§ **TASK PROMPT**: Verbatim copy without pictures. Please print every entry as it stands.
+ + + + +
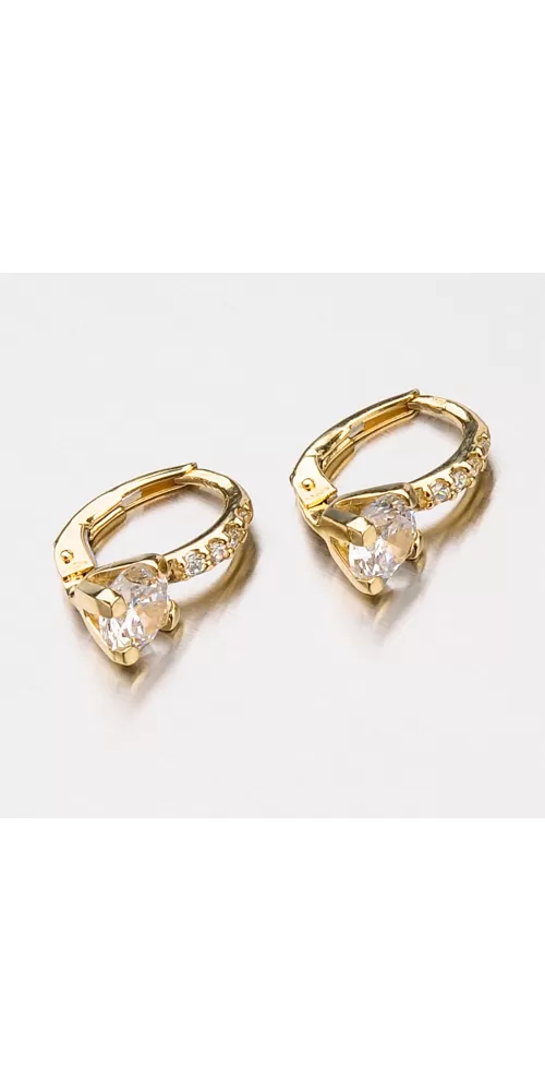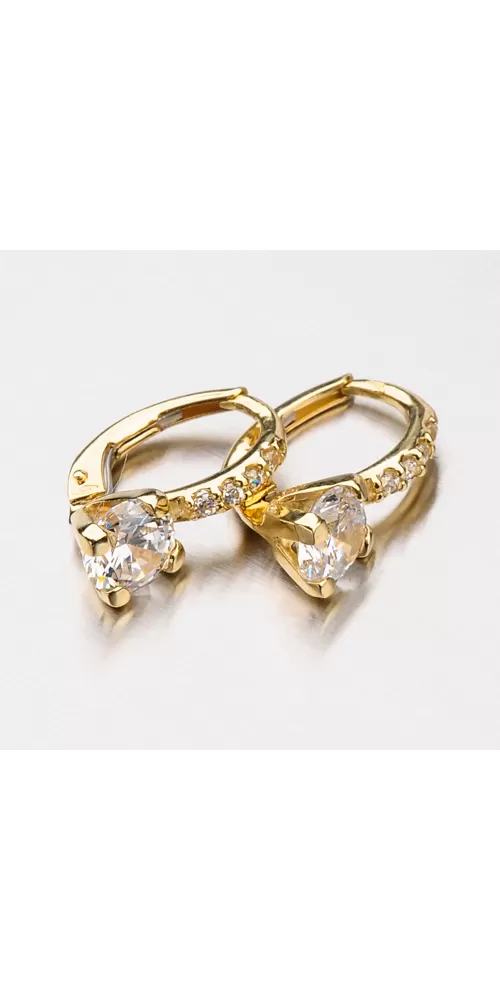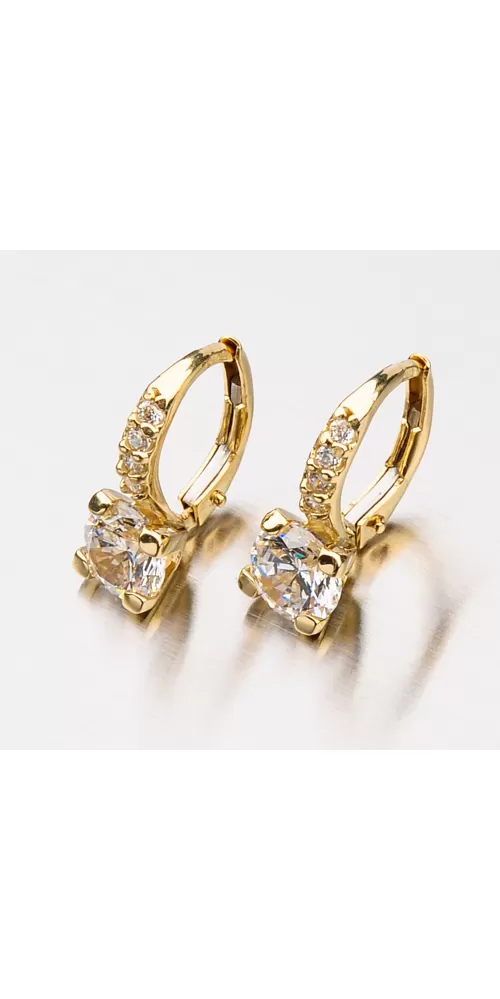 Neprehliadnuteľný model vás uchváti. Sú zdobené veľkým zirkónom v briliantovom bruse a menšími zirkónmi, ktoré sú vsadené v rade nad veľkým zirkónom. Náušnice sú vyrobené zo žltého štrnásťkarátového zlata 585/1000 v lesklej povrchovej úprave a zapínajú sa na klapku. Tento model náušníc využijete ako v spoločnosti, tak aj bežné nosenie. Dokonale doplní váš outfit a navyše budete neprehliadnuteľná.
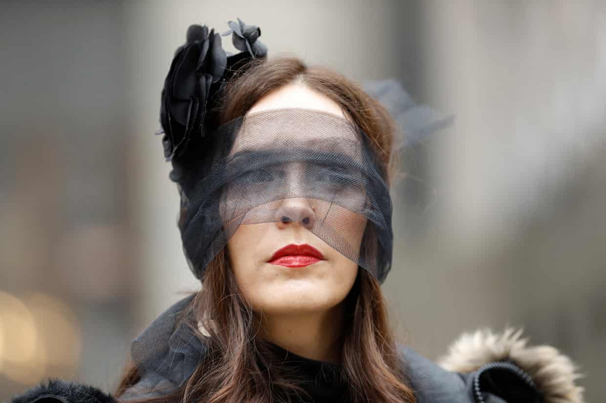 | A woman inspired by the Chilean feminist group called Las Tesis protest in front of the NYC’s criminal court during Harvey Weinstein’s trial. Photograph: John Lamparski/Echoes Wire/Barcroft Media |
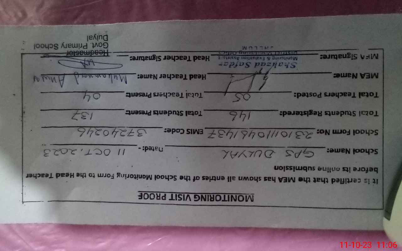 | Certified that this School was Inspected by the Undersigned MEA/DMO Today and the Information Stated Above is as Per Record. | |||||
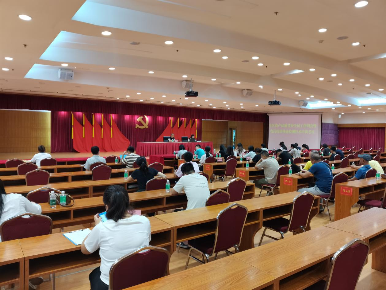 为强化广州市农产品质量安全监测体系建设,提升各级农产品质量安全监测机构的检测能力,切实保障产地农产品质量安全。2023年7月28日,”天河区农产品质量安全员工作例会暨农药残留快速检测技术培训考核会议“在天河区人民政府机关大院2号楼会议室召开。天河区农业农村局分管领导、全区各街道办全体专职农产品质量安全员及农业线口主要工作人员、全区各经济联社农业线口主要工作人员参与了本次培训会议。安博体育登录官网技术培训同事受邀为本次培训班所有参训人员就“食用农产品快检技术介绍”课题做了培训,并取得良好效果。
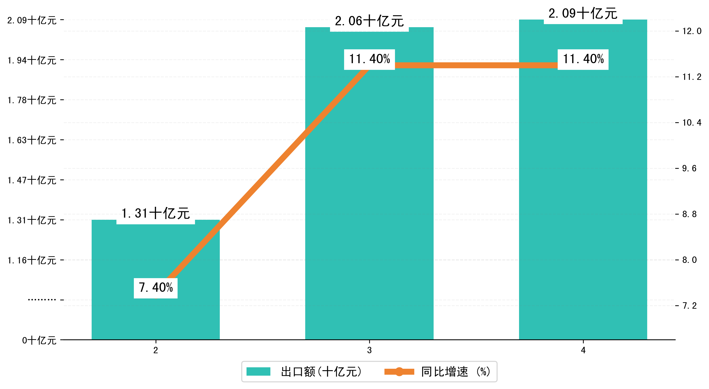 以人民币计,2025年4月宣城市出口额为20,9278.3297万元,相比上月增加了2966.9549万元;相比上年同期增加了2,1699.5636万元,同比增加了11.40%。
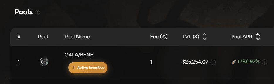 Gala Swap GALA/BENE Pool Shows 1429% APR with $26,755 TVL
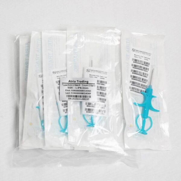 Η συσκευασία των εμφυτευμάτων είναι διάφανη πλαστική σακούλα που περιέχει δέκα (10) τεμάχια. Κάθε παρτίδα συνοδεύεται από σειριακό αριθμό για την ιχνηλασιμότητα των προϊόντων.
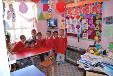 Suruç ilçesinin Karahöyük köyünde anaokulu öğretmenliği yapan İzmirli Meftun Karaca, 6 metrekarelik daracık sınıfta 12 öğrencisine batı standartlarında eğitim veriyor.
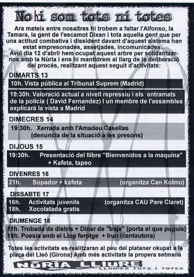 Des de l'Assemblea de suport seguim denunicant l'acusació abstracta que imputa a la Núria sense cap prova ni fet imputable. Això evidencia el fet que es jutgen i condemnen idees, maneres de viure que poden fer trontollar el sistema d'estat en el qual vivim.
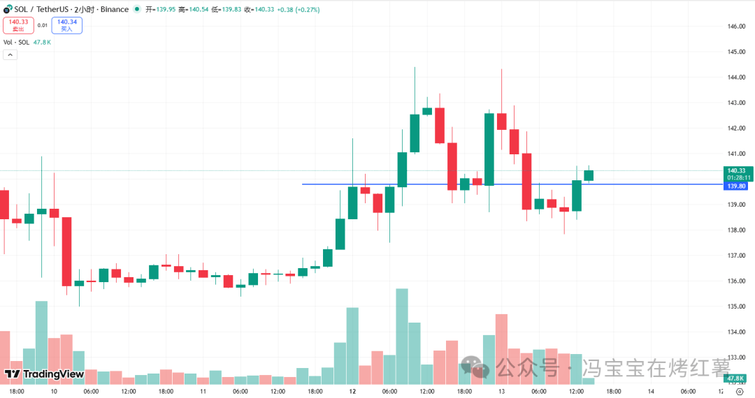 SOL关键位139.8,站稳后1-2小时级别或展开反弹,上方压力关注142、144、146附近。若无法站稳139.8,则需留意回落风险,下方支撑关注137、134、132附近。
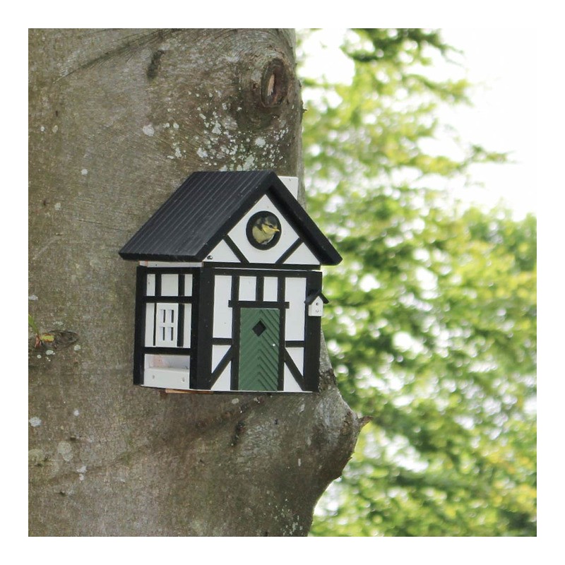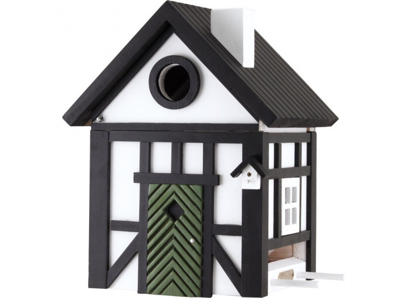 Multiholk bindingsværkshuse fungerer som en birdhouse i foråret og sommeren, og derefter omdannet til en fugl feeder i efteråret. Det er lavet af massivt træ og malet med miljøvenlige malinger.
+ + + + +
§ **TASK ANSWER**:
 Neprehliadnuteľný model vás uchváti. Sú zdobené veľkým zirkónom v briliantovom bruse a menšími zirkónmi, ktoré sú vsadené v rade nad veľkým zirkónom. Náušnice sú vyrobené zo žltého štrnásťkarátového zlata 585/1000 v lesklej povrchovej úprave a zapínajú sa na klapku. Tento model náušníc využijete ako v spoločnosti, tak aj bežné nosenie. Dokonale doplní váš outfit a navyše budete neprehliadnuteľná.
 | A woman inspired by the Chilean feminist group called Las Tesis protest in front of the NYC’s criminal court during Harvey Weinstein’s trial. Photograph: John Lamparski/Echoes Wire/Barcroft Media |
 | Certified that this School was Inspected by the Undersigned MEA/DMO Today and the Information Stated Above is as Per Record. | |||||
 为强化广州市农产品质量安全监测体系建设,提升各级农产品质量安全监测机构的检测能力,切实保障产地农产品质量安全。2023年7月28日,”天河区农产品质量安全员工作例会暨农药残留快速检测技术培训考核会议“在天河区人民政府机关大院2号楼会议室召开。天河区农业农村局分管领导、全区各街道办全体专职农产品质量安全员及农业线口主要工作人员、全区各经济联社农业线口主要工作人员参与了本次培训会议。安博体育登录官网技术培训同事受邀为本次培训班所有参训人员就“食用农产品快检技术介绍”课题做了培训,并取得良好效果。
 以人民币计,2025年4月宣城市出口额为20,9278.3297万元,相比上月增加了2966.9549万元;相比上年同期增加了2,1699.5636万元,同比增加了11.40%。
 Gala Swap GALA/BENE Pool Shows 1429% APR with $26,755 TVL
 Η συσκευασία των εμφυτευμάτων είναι διάφανη πλαστική σακούλα που περιέχει δέκα (10) τεμάχια. Κάθε παρτίδα συνοδεύεται από σειριακό αριθμό για την ιχνηλασιμότητα των προϊόντων.
 Suruç ilçesinin Karahöyük köyünde anaokulu öğretmenliği yapan İzmirli Meftun Karaca, 6 metrekarelik daracık sınıfta 12 öğrencisine batı standartlarında eğitim veriyor.
 Des de l'Assemblea de suport seguim denunicant l'acusació abstracta que imputa a la Núria sense cap prova ni fet imputable. Això evidencia el fet que es jutgen i condemnen idees, maneres de viure que poden fer trontollar el sistema d'estat en el qual vivim.
 SOL关键位139.8,站稳后1-2小时级别或展开反弹,上方压力关注142、144、146附近。若无法站稳139.8,则需留意回落风险,下方支撑关注137、134、132附近。
 Multiholk bindingsværkshuse fungerer som en birdhouse i foråret og sommeren, og derefter omdannet til en fugl feeder i efteråret. Det er lavet af massivt træ og malet med miljøvenlige malinger.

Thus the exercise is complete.